**ABOUT THIS TASK**
Every line from the first one in the data below through the line holding "Paige Railey (USA)" is to be written out exactly, with the pictures omitted.
============================================================
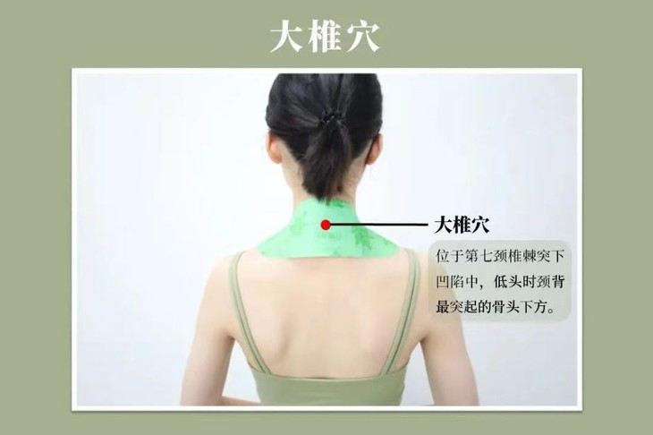 每天对大椎穴按摩100~200次,方法为用食指、中指按住穴位,用力点按。常按摩大椎穴,可以提高提抗力,预防感冒。
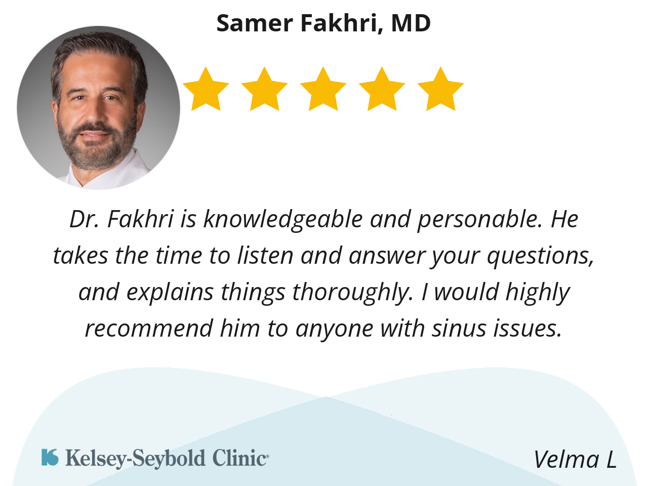 Dr. Fakhri is knowledgeable and personable. He takes the time to listen and answer your questions, and explains things thoroughly. I would highly recommend him to anyone with sinus issues.
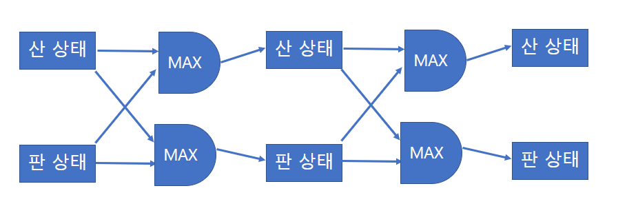 현재 상태가 가질 수 있는 가장 큰 이익을 저장하며 마지막 상태에서 가질 수 있는 가장 큰 이익값을 반환한다. (동적 계획법)
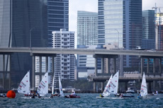 Paige Railey (USA) successfully defended her ISAF Sailing World Cup Miami title from last year with another top performance this week. Railey was the most consistent sailor from start to finish with a fleet series scoring line of 2-1-2-(12)-2-4. She had an 11 point lead over 2012 Olympic silver medalist Marit Bouwmeester (NED) heading into Saturday.
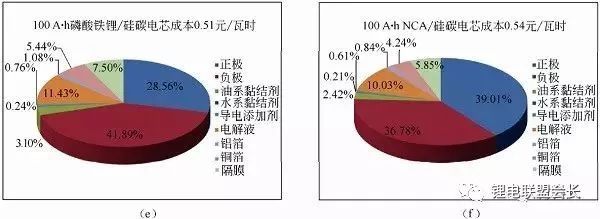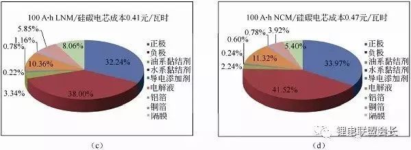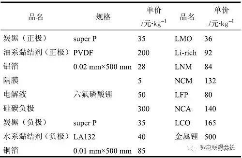 依據(jù)現(xiàn)有產業(yè)化的電芯組成和工藝條件,可以大致推算出不同電池電芯原材料成本價格,所用原材料的成本參見表9。均以100Ah容量的電芯為例,圖4展示了以硅碳為負極與不同正極材料組成的鋰電電芯成本以及以金屬鋰為負極,富鋰,NCM作為正極材料的金屬鋰離子電池電芯的成本。
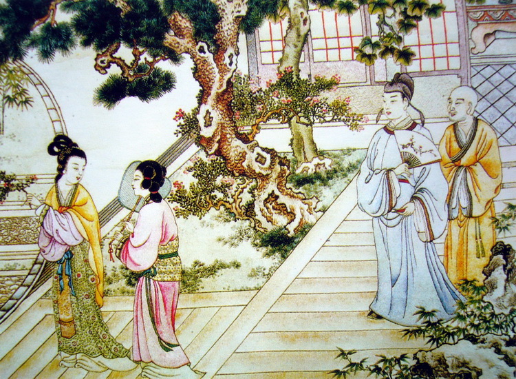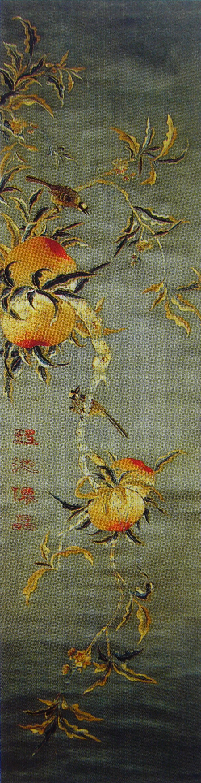 凌抒,字锦怀,光绪年间(1875-1908),吴江人,代表作《窅娘舞莲图》(图1-4-5-3,南京博物院藏),绣稿系吴友如百美图谱,绣品以线描为主,设色素雅。窅娘绣得面目清丽,舞态优美,长题文字也绣得细致入微,可见其技艺工巧;
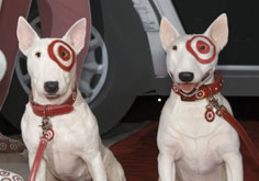Bullseye (L), a Bull Terrier featured in Target Corporation's commercial campaigns, sits next to its wax...
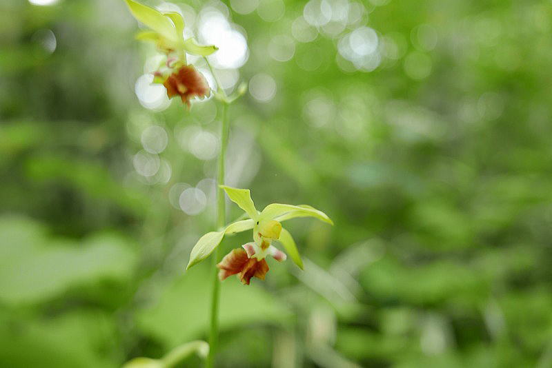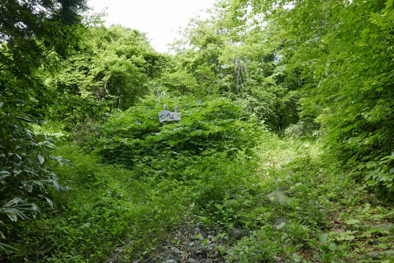 登山道脇にはイチヤクソウやササバギンラン、ホウチャクソウなどが咲いている。登山道の上にはヒグマの新しい落し物が多く、この付近を住処としているヒグマの存在が感じられる。今回はザックの下部に大きな熊鈴を付け、歩くたびに鈴が尻に当たって大きな音が出せるようにしたから、ヒグマがこちらの存在を先に分かってくれることを期待した。
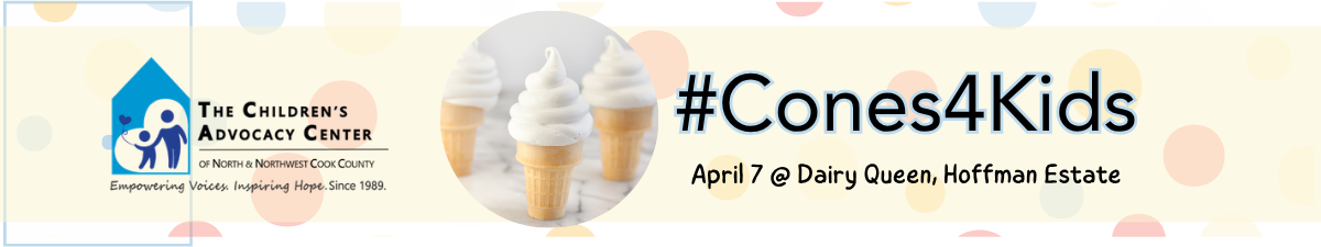 April is National Child Abuse Prevention Month. Join Children's Advocacy Center of North and Northwest Cook County (CAC) friends at Dairy Queen of Hoffman Estates on Tuesday, April 7, for #Cones4Kids. Your sweet treat purchase will be counted toward the day's sales, and Dairy Queen will donate a portion back to CAC to support our work in the community with young survivors of abuse and violence.
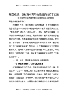 校长在学校培养青年教师经验交流会上的发言:破茧成蝶:农村高中青年教师成长的校本实践.doc
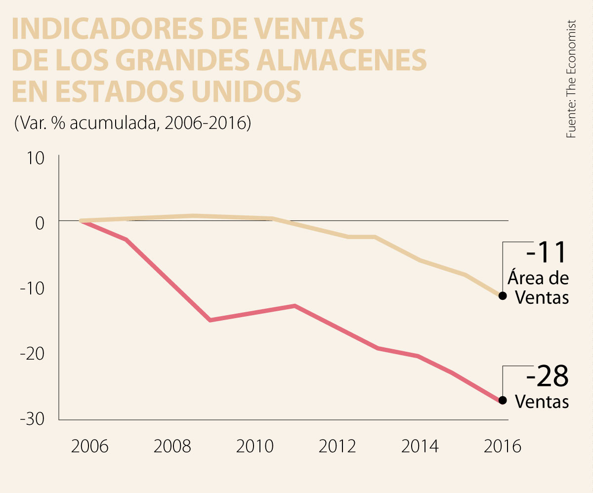 Los grandes perdedores han sido los almacenes-ancla con alta tradición de preferencia física en los centros comerciales. Por ejemplo, se estima que los almacenes de cadena han registrado contracciones de 10% en sus ventas en los últimos tres años, especialmente Macy’s, JC-Penneys y Sears.
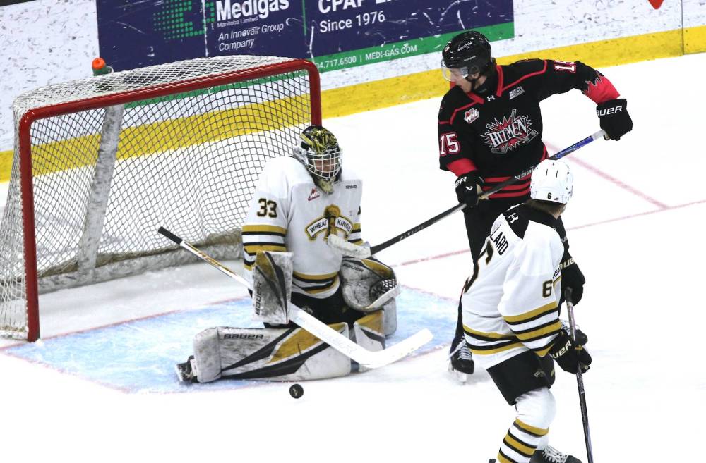 The Wheat Kings had nearly tied the game early in the power play when a shot by Brady Turko hit the crossbar and bounced straight down but somehow stayed out.
============================================================
**WRITTEN SOLUTION**
 每天对大椎穴按摩100~200次,方法为用食指、中指按住穴位,用力点按。常按摩大椎穴,可以提高提抗力,预防感冒。
 Dr. Fakhri is knowledgeable and personable. He takes the time to listen and answer your questions, and explains things thoroughly. I would highly recommend him to anyone with sinus issues.
 현재 상태가 가질 수 있는 가장 큰 이익을 저장하며 마지막 상태에서 가질 수 있는 가장 큰 이익값을 반환한다. (동적 계획법)
 Paige Railey (USA) successfully defended her ISAF Sailing World Cup Miami title from last year with another top performance this week. Railey was the most consistent sailor from start to finish with a fleet series scoring line of 2-1-2-(12)-2-4. She had an 11 point lead over 2012 Olympic silver medalist Marit Bouwmeester (NED) heading into Saturday.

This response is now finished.